Nothing in the Nicholson affidavit demonstrates any “implication of a dishonest purpose, conscious doing of wrong, or breach of duty through motive of self-interest or ill will,” id. at 999-1000, on the part of Seaboard.
Given the breadth of the release language in Section 13 of the Indemnity Agreement, and the remaining language in that Agreement, summary judgment on the issue of liability only is warranted on Counts I, II and VI of the amended supplemental complaint.
The Court reaches a similar conclusion with regard to the requirement that the Indemnitors must pay $844,020 as collateral for the loss reserve set by Seaboard.
Section 7 of the Indemnity Agreement authorizes Seaboard to set up a reserve “to cover any contingent claim or claims, loss, cost, attorneys fees and/or other expenses in connection with any” Bond. When it does so, the Indemnitors, among others, within ten days after receipt of written demand, must “pay to [Seaboard] current funds in an amount equal to such reserve, and any subsequent increase thereof, such funds to be held by [Seaboard] as collateral . . . with the right to use the same or any part thereof, at any time, in payment or compromise of any judgment, claim, liability, loss, damage, attorneys fees and disbursements or other expenses.” Kimberly Zanotta, in her affidavit in support of the present motion, includes a letter dated March 12, 2003, by which the Indemni-tors were advised that, pursuant to Section 7 of the Indemnity Agreement, “Seaboard has set reserves in the amount of $844,020.00 for its current and projected losses” as a result of issuing Bonds on behalf of Interstate.
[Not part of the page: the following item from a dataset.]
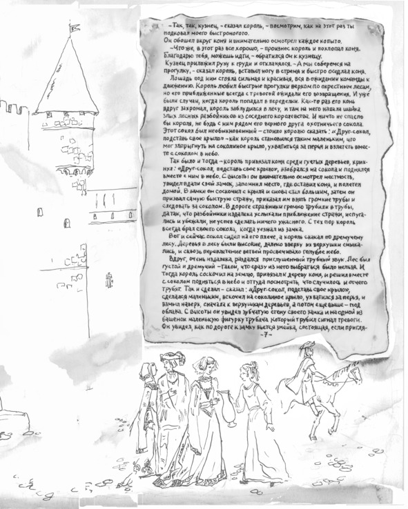 Так и сделал – сказал: «Друг-сокол, подставь свое крыло», сделался маленьким, вскочил на соколиное крыло, ухватился за перья, и взмыл наверх, сначала к верхушкам деревьев, а потом еще выше – под облака. С высоты он увидел зубчатую стену своего замка и на одной из башенок маленькую фигурку трубача, который трубил сигнал тревоги.
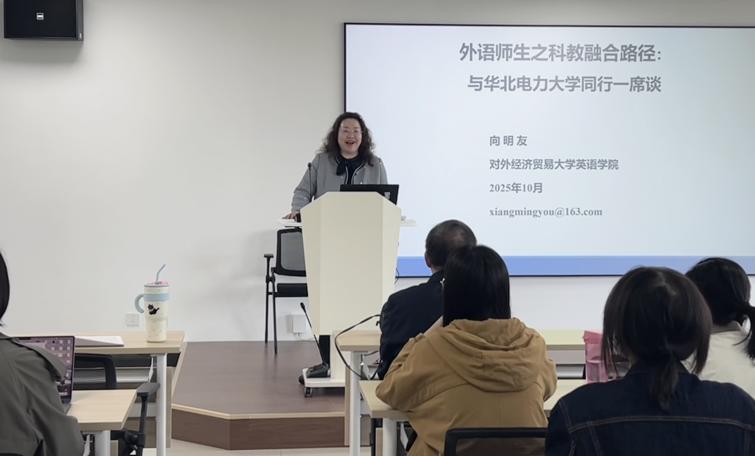 10月14日下午,学院举办题为“外语教师之科教融合路径:与yl23455永利集团同行一席谈”的学术讲座。本次讲座特邀对外经济贸易大学英语学院经理、教育部全国翻译专业学位研究生教育指导委员会委员、博士生导师向明友教授担任主讲。讲座由学院副经理刘辉主持。

The letter also includes a demand that the Indemnitors deposit with Seaboard cash or other collateral acceptable to it with a value of $844,020.00.
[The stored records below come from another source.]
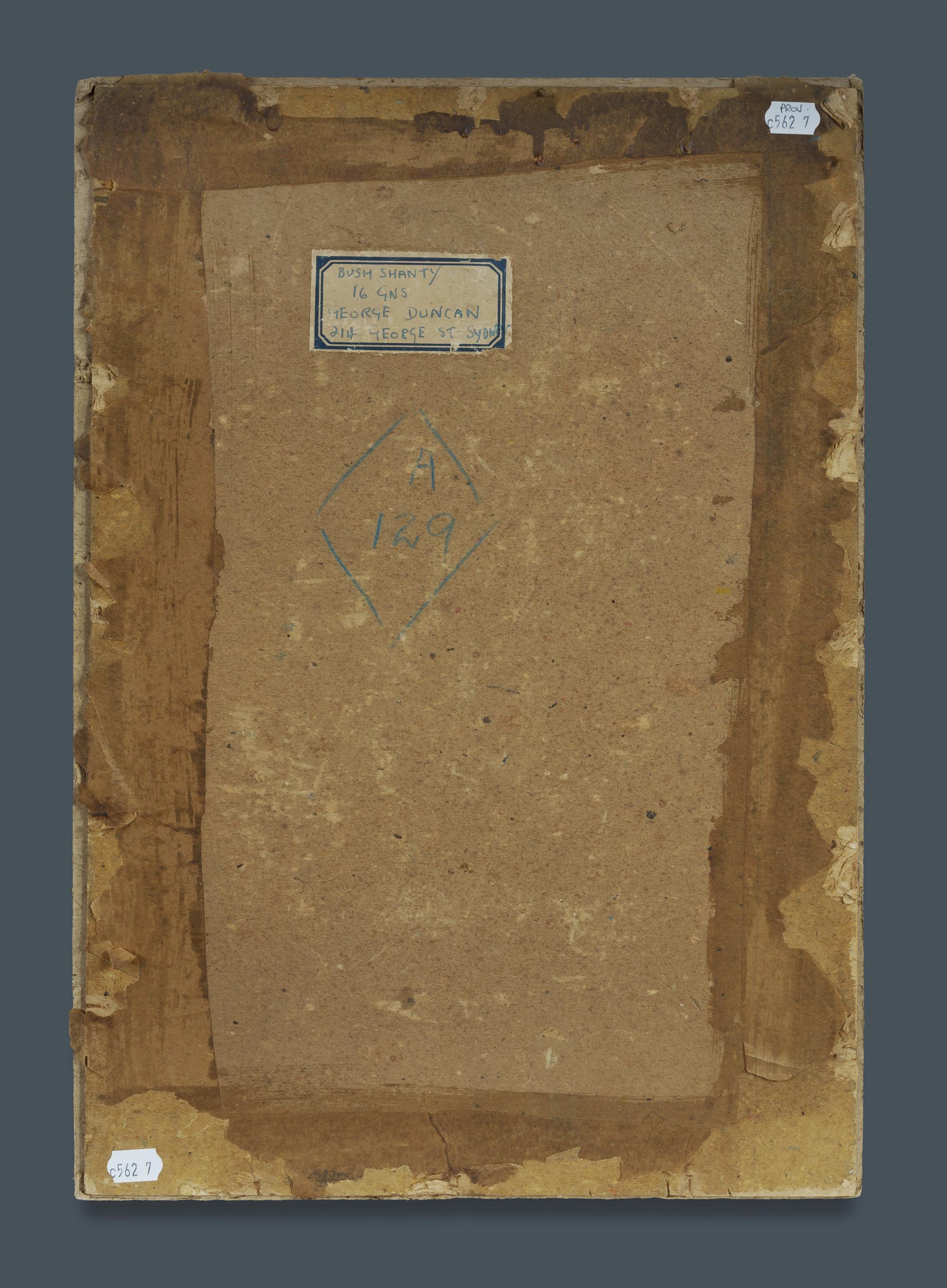 DUNCAN, George (1904-1974) 'Bush Shanty' Oil on Canvas on Board 38x26cm PROVENANCE: Family of the ArtistEstimate $100-200
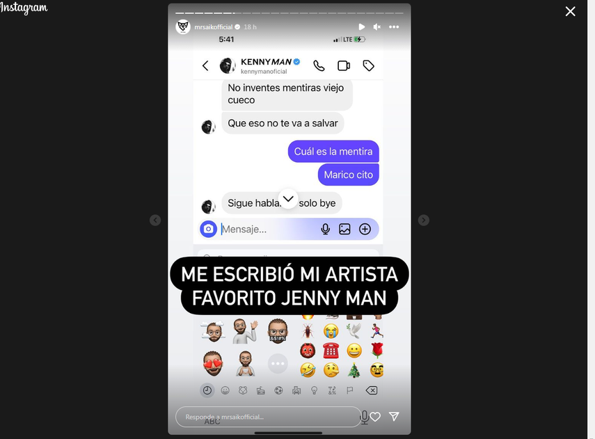 Esto por supuesto molestó a Mr. Saik, quien publicó en sus redes sociales una conversación en donde Kenny, le decía que no inventara mentiras.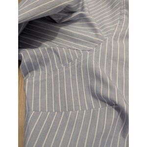 Duluth Trading Wrinklefighter Button-Down Shirt Women's 1X Blue White Pinstripe

There is no affidavit in opposition to the Zanotta affidavit. “When a motion for summary judgment is made and supported as provided in [Rule 56], an adverse parly may not rest upon the mere allegations or denials of his pleading, but his response, by affidavit or otherwise, . . . must set forth specific facts showing that there is a genuine issue for trial.” Mass.R.Civ.P. Rule 56(e).
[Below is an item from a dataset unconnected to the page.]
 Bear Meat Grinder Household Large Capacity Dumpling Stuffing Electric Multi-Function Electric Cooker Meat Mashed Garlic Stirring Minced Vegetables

Once again, the plain language of the Indemnity Agreement compels this payment.
ORDER
For the foregoing reasons, Seaboard’s motion for summary judgment on liability is ALLOWED as to Counts I, II and VI such that liability is established thereon and DENIED as to Counts III, IV and V.
Further, the Indemnitors are directed and ordered to pay to Seaboard, as collateral for the loss reserve established, the sum of $844,020.00 in cash, or other collateral acceptable to it, said payment to be made within twenty (20) days from the date hereof.
There are seven counts in the amended supplemental complaint. Count VII asserts a fraudulent conveyance by Nicholson to Charlene of certain property in Ipswich, Massachusetts.
Also included as an Indemnitor, but not named as a defendant in this case, is Paul W. Nicholson of Hamilton, Massachusetts.
Of course, Section 9 of the Indemnity Agreement will certainly play a prominent role in many of those debates.